Hablaba del pájaro amarillo meado. Bueno, no había otra cosa que hacer con el viejo peloblanco más que hablar con él. Le dije que la bebida había contribuido en gran manera a traerme a mi actual estado de vida. De paso le conté algunas de mis borracheras salvajes y algunas de las demenciales cosas que habían ocurrido. El también tenía algunas buenas para contar.

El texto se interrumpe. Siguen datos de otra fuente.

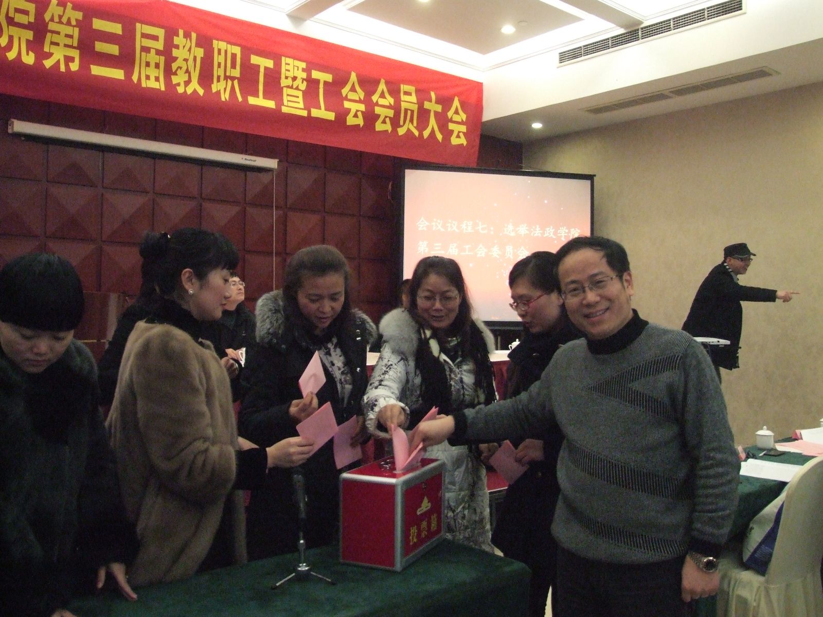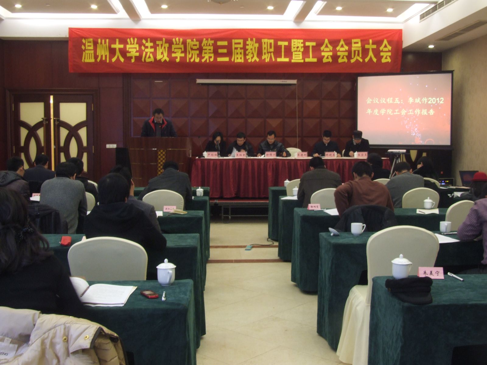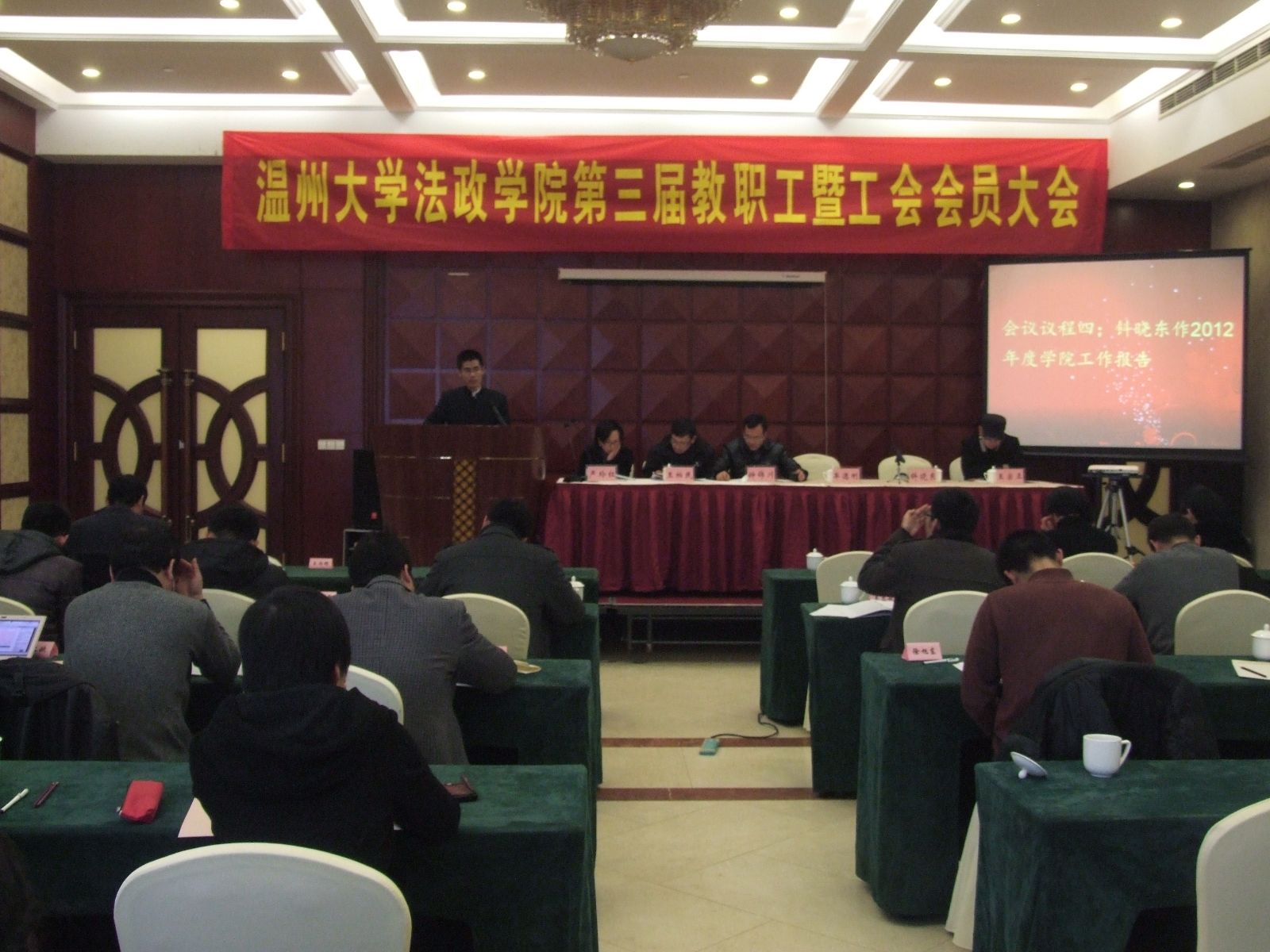 2013年1月12日下午,国产自拍 法政国产自拍 第三届教职工暨工会会员大会第一次会议胜利召开。校党委副书记牟德刚和工会副主席钟锦川应邀出席大会。大会由院党总支副书记严玲红主持。

– En mis viejos tiempos -me contó-, solía haber grandes trenes de color rojo que circulaban entre Glendale y Long Beach, creo que era. Funcionaban durante todo el día y la mayor parte de la noche excepto durante un intervalo de hora y media, creo que entre las 3:30 y las 5:30 de la mañana. Bueno, yo andaba por ahí bebiendo una noche y conocí a un tío en un bar, cuando el bar cerró nos fuimos a su casa y acabamos con algo de mosto que él había dejado allí. Luego salí de su casa y me perdí. Me metí por una calle sin salida, pero sin saber que era una calle sin salida. Iba conduciendo muy de prisa. Seguí derecho hasta que choqué con los raíles del tren. En el choque, el volante me pegó en la barbilla y me dejó sin sentido. Y me quedé allí, con mi coche en medio de los raíles, desmayado. Sólo que tuve suerte porque era la hora y media en que los trenes no circulaban. No sé cuánto tiempo estuve allí. El pito del tren me despertó. Abrí los ojos y vi un tren viniendo derecho hacia mí a toda máquina. Tuve el tiempo justo de arrancar el coche y dar marcha atrás. El tren pasó atronador delante mío. Yo conduje hacia casa, con las ruedas delanteras dobladas y pinchadas, andando a tumbos, haciendo blop, blop, blop…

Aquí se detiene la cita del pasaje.